Operation S150, placing the data files on corresponding distributed nodes.

In this embodiment, when the data files are merged in pairs until the number of data files is equal to the number of distributed nodes, the data files are placed on the corresponding distributed nodes. For example, since the last round of merging results in 3 buckets, each bucket contains 4 data files, the division and merging process is over, and the final plan for placing data files on 3 distributed nodes is obtained. For example, the data file set {s8, s1, s3, s6} of the first bucket is be placed on computer node 1, the data file set {s7, s10, s5, s11} of the second bucket is placed on computer node 2, and the data file set {s9, s2, s12, s4} of the third bucket is placed on computer node 3. The data file access frequencies on these 3 nodes are (60, 61, 57). The maximum difference between the access frequencies of data file on the nodes is only 61−57=4, that is, the maximum difference of access frequency is about 4/(60+61+57)/3)*100%=6% of the average access frequency.

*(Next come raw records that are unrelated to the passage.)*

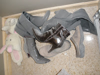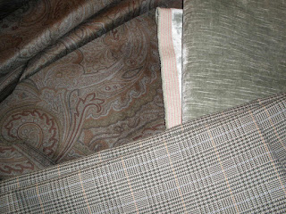 Lastly, as promised, here's a shot of the loot I picked up Sunday afternoon. The paisley is a low pile velour-type deal, the green/gray striated velvet has an awesome sheen that you can see if you look at the strip next to the selvage, and the plaid/houndstooth fabric is a drapery-weight woven. I realize they probably look really dark, but we all know there are two black labs who will call this room home and their fur is not to be messed with.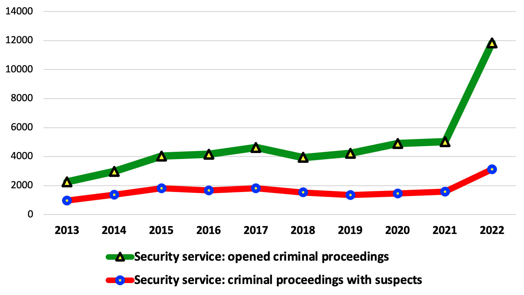 Водночас з вельми зрозумілих причин Служба безпеки України зареєструвала у 2022 році набагато більше кримінальних проваджень (11841), у той час коли у 2021 році кримінальних проваджень було зареєстровано лише 5035.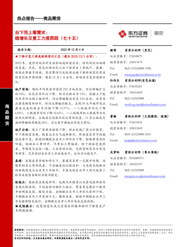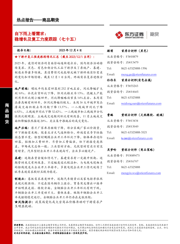 【东证期货】【20231204】商品期货热点报告:自下而上看需求:稳增长及复工力度跟踪(七十五)-13页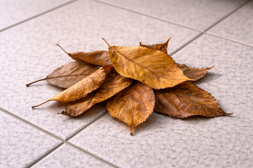 ひとつ目は、枯れ葉と土です。冬の間に飛んできた落ち葉や、鉢植えからこぼれ落ちた土が、気づかないうちに隅に溜まっています。ふたつ目は、砂埃と黄砂。春先に飛んでくる黄砂や砂埃は、水分を含むと泥状になり、排水口の奥で固まってしまいます。そして3つ目が、衣類の繊維や髪の毛です。洗濯物から落ちた糸くずや髪の毛が土と混ざり合い、頑固な詰まりの原因になることがあります。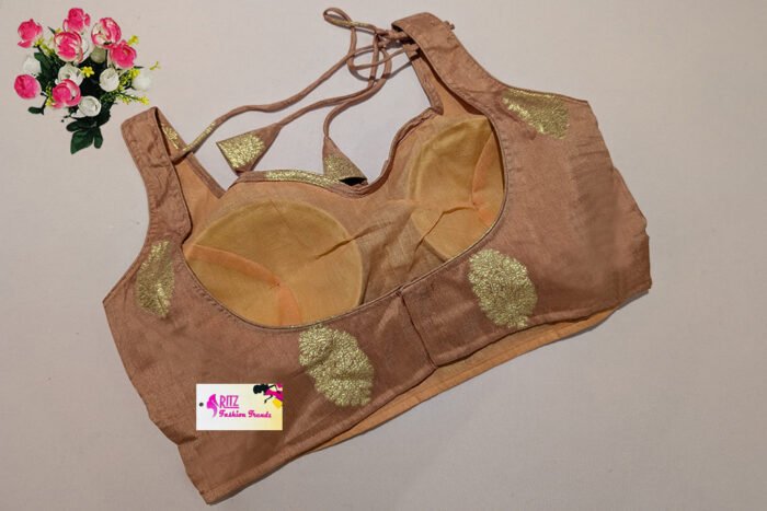 This is a Dark Peach Color Russian Silk Blouse. This Blouse is Sweetheart Neckline in Frontside & U-Neckline in Backside with Tie-Up. This is a Princess Cut, Padded, Sleeveless Blouse with Back Open. You can team it up with any contrast-colored Traditional/Printed Saree.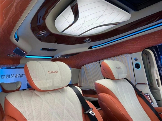 全车内部真皮包覆,造就内部绝对奢华氛围。顶灯设计理念十足,以更精美视觉体验拉开全新篇章。搭配高档Alcantara麂皮绒包覆顶棚,烘托内部极致完美,引领驾驶无限体验。内部高档定制实木地板,实木材质质感十足,享受驾驶无限乐趣。搭配私密绒布窗帘,保证内部隐私安全,开启安全私密驾驶之旅。

It can be seen that the data file reading and writing on the three nodes is relatively balanced.

In this embodiment, as shown in FIG. 8, 24 data files are divided into 4 data blocks, each data block contains 2B=6 data files, that is, the total number of distributed computer nodes is B=3, and each node needs to place 24/3=8 data files. Each bar represents 1 data file, a height of the bar represents a value of access frequency, and the number on each bar represents the bucket in which the data file is to be placed.

In technical solutions of this embodiment, the data files are sorted according to the access frequency of each data file, and the data file is divided into at least two data blocks according to the sorted order, and the numbers of data files in all data blocks are equal. The data files in each data block are merged in pairs to update the data files, and the operation of performing the sorting of the data files according to the access frequency of each data file is repeated, until the number of data files reaches the number of distributed nodes, to obtain the strategy of which data files each computer node needs to be allocated with. Through this strategy, the data files are placed on the corresponding distributed nodes, which solves the problem of load-balancing caused by the unbalanced data file distribution in the related art, and improves the stability of the distributed system.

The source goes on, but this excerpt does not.